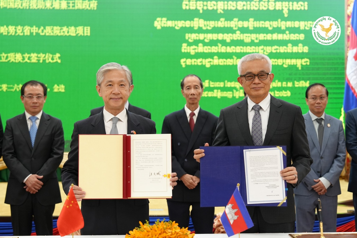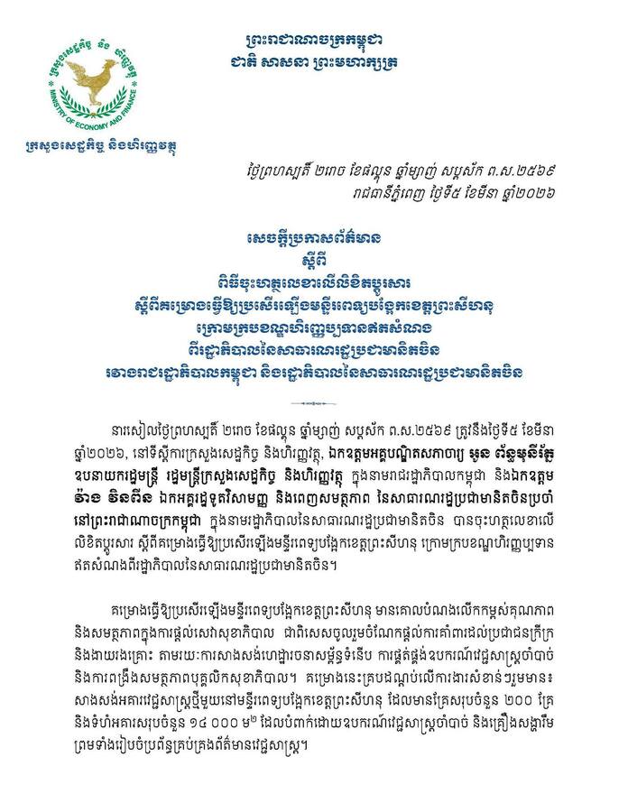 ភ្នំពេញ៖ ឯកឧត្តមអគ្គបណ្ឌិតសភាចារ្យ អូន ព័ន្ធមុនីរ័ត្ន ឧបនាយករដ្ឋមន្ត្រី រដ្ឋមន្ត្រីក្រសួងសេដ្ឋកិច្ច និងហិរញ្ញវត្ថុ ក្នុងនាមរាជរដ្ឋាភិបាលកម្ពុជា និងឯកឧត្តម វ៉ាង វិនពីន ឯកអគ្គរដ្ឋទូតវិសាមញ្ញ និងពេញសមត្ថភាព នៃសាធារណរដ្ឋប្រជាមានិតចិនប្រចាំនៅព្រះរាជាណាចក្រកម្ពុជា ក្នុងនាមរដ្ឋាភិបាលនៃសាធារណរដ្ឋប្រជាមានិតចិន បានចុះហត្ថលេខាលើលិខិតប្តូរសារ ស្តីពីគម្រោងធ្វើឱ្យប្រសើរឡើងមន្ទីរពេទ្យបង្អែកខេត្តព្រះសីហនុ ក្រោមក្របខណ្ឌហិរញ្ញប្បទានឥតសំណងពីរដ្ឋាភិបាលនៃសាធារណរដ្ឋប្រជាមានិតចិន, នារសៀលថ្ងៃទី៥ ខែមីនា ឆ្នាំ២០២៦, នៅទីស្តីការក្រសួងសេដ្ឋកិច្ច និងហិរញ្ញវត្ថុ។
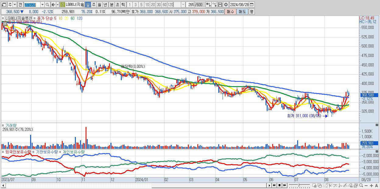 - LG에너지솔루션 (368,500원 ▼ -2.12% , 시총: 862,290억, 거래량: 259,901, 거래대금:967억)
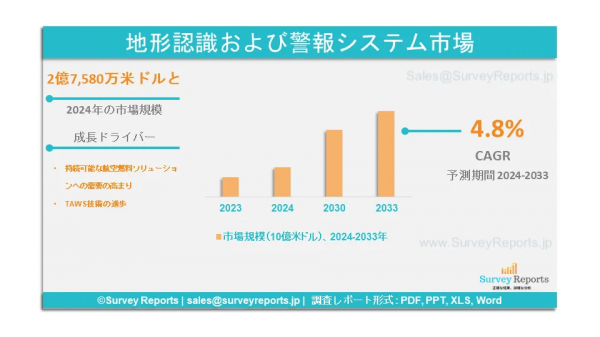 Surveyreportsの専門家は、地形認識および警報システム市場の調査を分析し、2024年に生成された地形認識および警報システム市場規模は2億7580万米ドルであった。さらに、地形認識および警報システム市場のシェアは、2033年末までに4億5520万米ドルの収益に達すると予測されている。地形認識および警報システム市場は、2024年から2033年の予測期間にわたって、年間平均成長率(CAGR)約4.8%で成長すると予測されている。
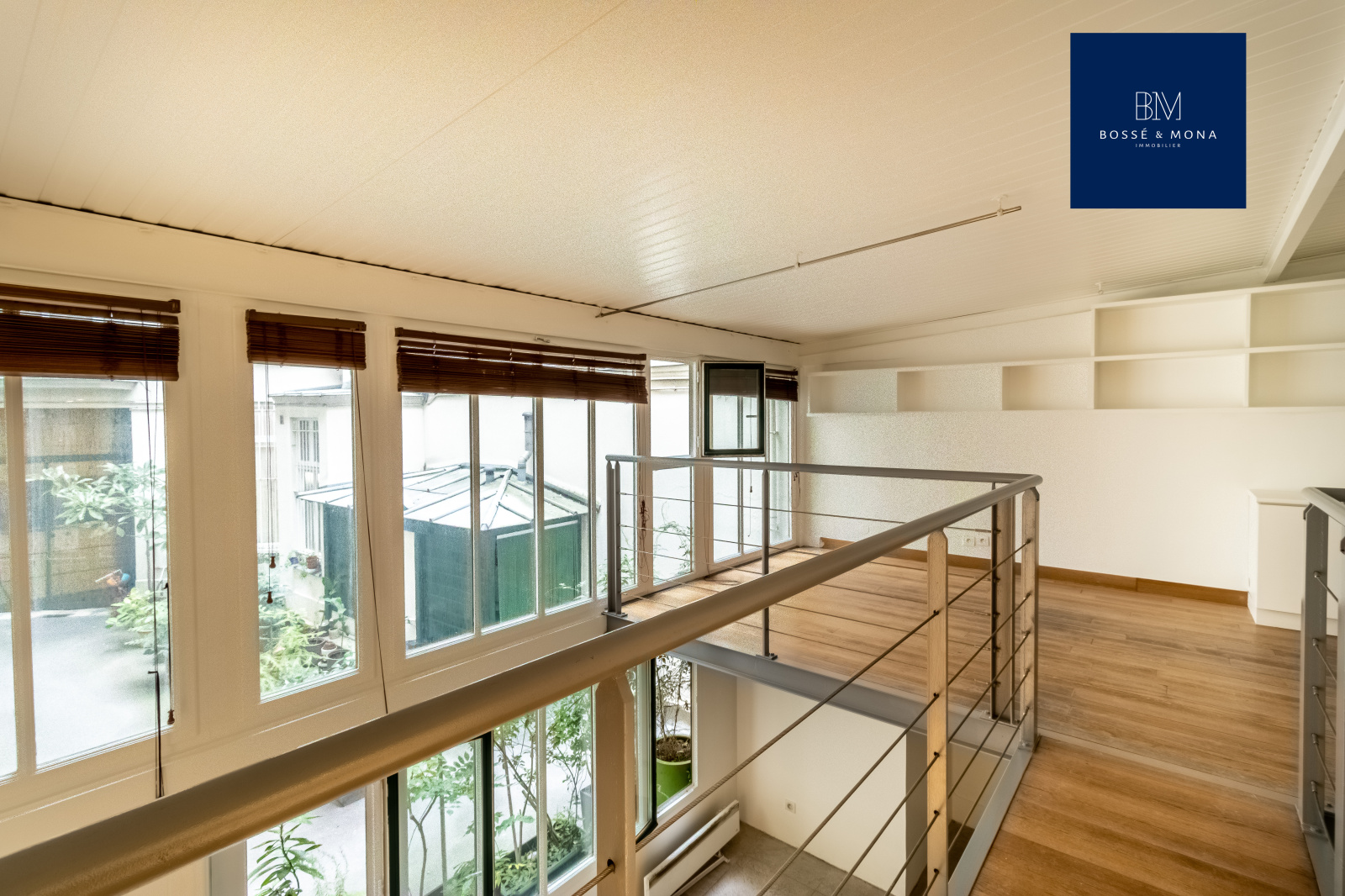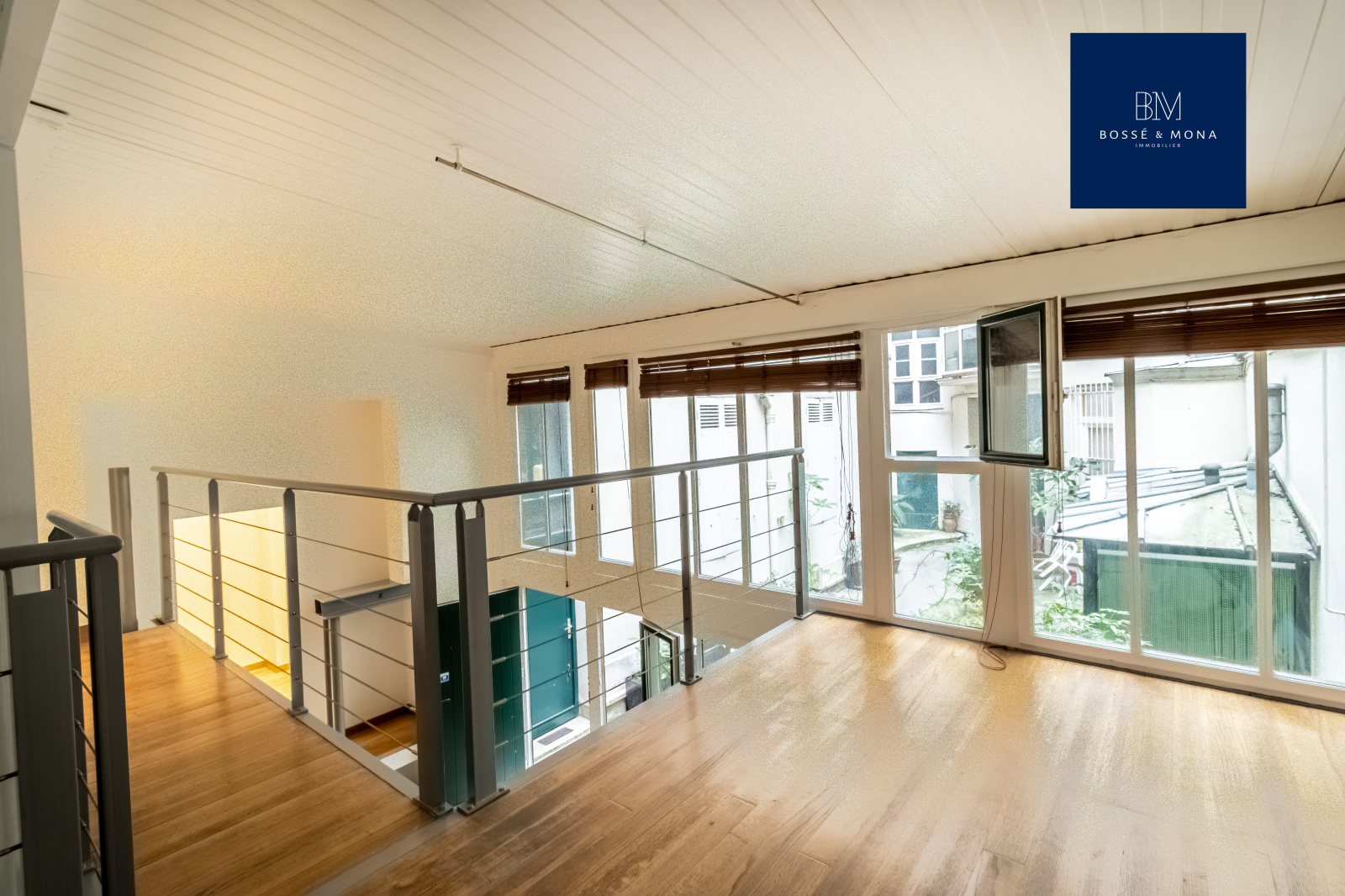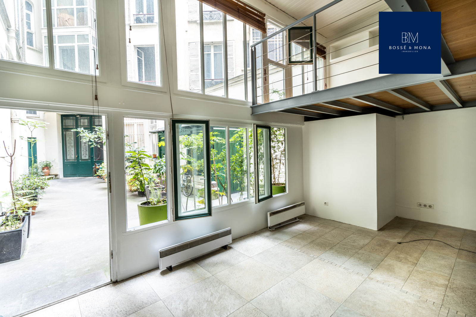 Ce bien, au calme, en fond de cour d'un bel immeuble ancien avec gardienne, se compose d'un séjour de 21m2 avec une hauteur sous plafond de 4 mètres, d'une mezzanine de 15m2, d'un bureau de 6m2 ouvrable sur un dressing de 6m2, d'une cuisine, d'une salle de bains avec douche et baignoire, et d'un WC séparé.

---

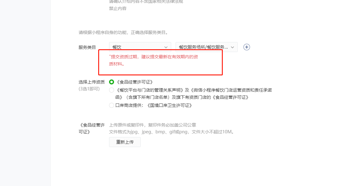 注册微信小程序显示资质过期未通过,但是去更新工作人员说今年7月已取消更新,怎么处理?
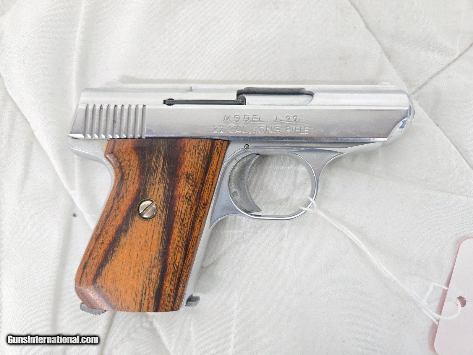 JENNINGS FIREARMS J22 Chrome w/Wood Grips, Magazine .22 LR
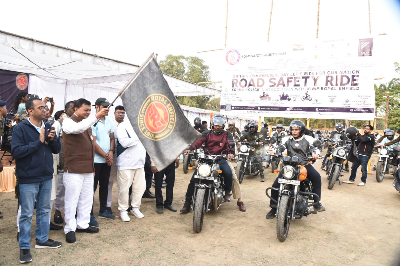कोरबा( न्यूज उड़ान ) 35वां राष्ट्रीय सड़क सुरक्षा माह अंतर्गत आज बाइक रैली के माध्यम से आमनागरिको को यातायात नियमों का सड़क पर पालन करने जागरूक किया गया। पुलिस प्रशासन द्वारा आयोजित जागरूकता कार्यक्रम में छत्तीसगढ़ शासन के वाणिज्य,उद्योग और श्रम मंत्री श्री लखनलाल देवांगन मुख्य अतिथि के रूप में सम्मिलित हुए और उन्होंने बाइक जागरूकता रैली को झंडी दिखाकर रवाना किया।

EXERCISE GOAL:
Write out exactly the lines above between the one with "JENNINGS FIREARMS J22" and the one with "कोरबा( न्यूज उड़ान", inclusive, with pictures left out.

SOLVED PROBLEM:
 JENNINGS FIREARMS J22 Chrome w/Wood Grips, Magazine .22 LR
कोरबा( न्यूज उड़ान ) 35वां राष्ट्रीय सड़क सुरक्षा माह अंतर्गत आज बाइक रैली के माध्यम से आमनागरिको को यातायात नियमों का सड़क पर पालन करने जागरूक किया गया। पुलिस प्रशासन द्वारा आयोजित जागरूकता कार्यक्रम में छत्तीसगढ़ शासन के वाणिज्य,उद्योग और श्रम मंत्री श्री लखनलाल देवांगन मुख्य अतिथि के रूप में सम्मिलित हुए और उन्होंने बाइक जागरूकता रैली को झंडी दिखाकर रवाना किया।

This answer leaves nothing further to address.